Some of the CIA's employees' last names were not published in the article 
for "security reasons" which were also unnamed.

For all of the hamfisted attempts at being delightfully jaunty, I wouldn't 
consider it a good thing for the CIA to have wished me well were I 
suffering from cancer like Alex Trebek is now. I don't know of any CIA 
plans against Trebek per se, but generally speaking it's the CIA's job to 
deal in murder and misfortune in people the CIA aims to covertly kill. This 
includes leaders of governments the CIA is charged with upending. For 
example, in March 1960, President Eisenhower authorized the CIA to upend 
the Castro government. To accomplish this Eisenhower gave the CIA $13 
million and permission to ally with the Mafia because the Mafia didn't like 
that Castro had closed down their Cuban brothel and casino businesses.



People in power mishandling public relations

https://www.youtube.com/watch?v=LA1KSE4OrOY -- Facebook chief Mark 
Zuckerberg failing to land a joke about how Facebook doesn't care about its 
users privacy.

https://www.youtube.com/watch?v=3sVYQo_UktY -- Hillary Clinton was asked to 
give advice to 2020 US presidential candidates based on her experience in 
2016. Her response: "Don't get on the wrong side of Vladimir Putin, that 
would be the first [point of advice]."

https://www.youtube.com/watch?v=fUq7ZWTzNxM -- Joe Biden can't handle tough 
questions about Venezuela (he's pro-coup), Iraq (he was pro-invasion and 
later admitted he was wrong when his admission posed no threat to continued 
Iraq occupation).





Economics: How can we afford UBI? Perhaps we draw money from "defense" 
budget to pay for it?

http://www.world-psi.org/sites/default/files/documents/research/en_ubi_full_report_2019.pdf 
-- a study claiming there is no evidence showing that UBI could be sustained.

https://www.theguardian.com/commentisfree/2019/may/06/universal-basic-income-public-realm-poverty-inequality 
-- New Economics Foundation's Anna Coote reiterating how UBI just can't work:

> Money spent on cash payments cannot be invested elsewhere. The more
> generous the payments, the wider the range of recipients, the longer the
> scheme continues, the less money will be left to build the structures
> and systems that are needed to realise UBI’s progressive goals.

It's not clear that Coote's take on this isn't just a "think tank" ad 
posing as an article, or that (if we take Coote's insistence more 
seriously) that people wouldn't spend money on all sorts of local 
businesses. Isn't that investment? Right now the US is spending trillions 
on killing people. Who benefits from those investments?

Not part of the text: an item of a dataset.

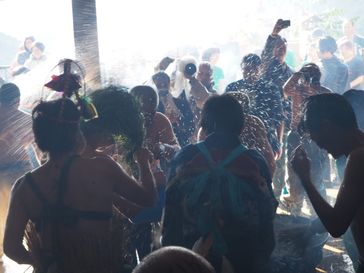 この湯は「生まれ清まりの産湯」とも言われ、浴びると無病息災で過ごせるとされるため、舞が終わるころには皆びしょびしょ!会場のあちこちから悲鳴にも似た歓声がこだまします。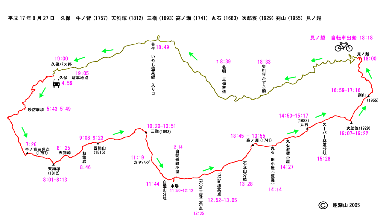 HOME > 山行記録 >牛ノ背(1757) 天狗塚(1812)三嶺(1893)次郎笈(1929)剣山(1955)>平成17年8月27日>概念図拡大

Censorship: Google removes Iran's Press TV from Google, YouTube, and Google 
platforms.

https://www.youtube.com/watch?v=xgwWkwOac-Y -- Press TV was reporting 
what's really going on with Venezuela. Now Google is making that reporting 
harder to find by pulling Press TV from Google's platforms.



Censorship: Is RT inadvertently playing into the hand of their critics by 
publishing fake news?

https://www.youtube.com/watch?v=gZZscnGodwk -- RT's "In Question" posted a 
segment with title "Journalist exposes YouTube child porn crisis".

A bit of background: on YouTube one can find Matt Watson's video where he 
claims that YouTube commenters are pointing one another to images of 
children either naked or engaged in sexual acts ("child porn"). But 
Watson's claim doesn't contain evidence to back up his claim -- the videos 
he indirectly points to show children in bathing suits goofing around near 
pools (just as one expects children to do). Posts on these videos sometimes 
include comments with time indexes (either explicitly or in code to avoid 
YouTube censorship) but the comment clearly takes the image out of context. 
There's no nudity or sexual activity shown in the video. Watson's video got 
some attention some weeks ago which apparently reached YouTube.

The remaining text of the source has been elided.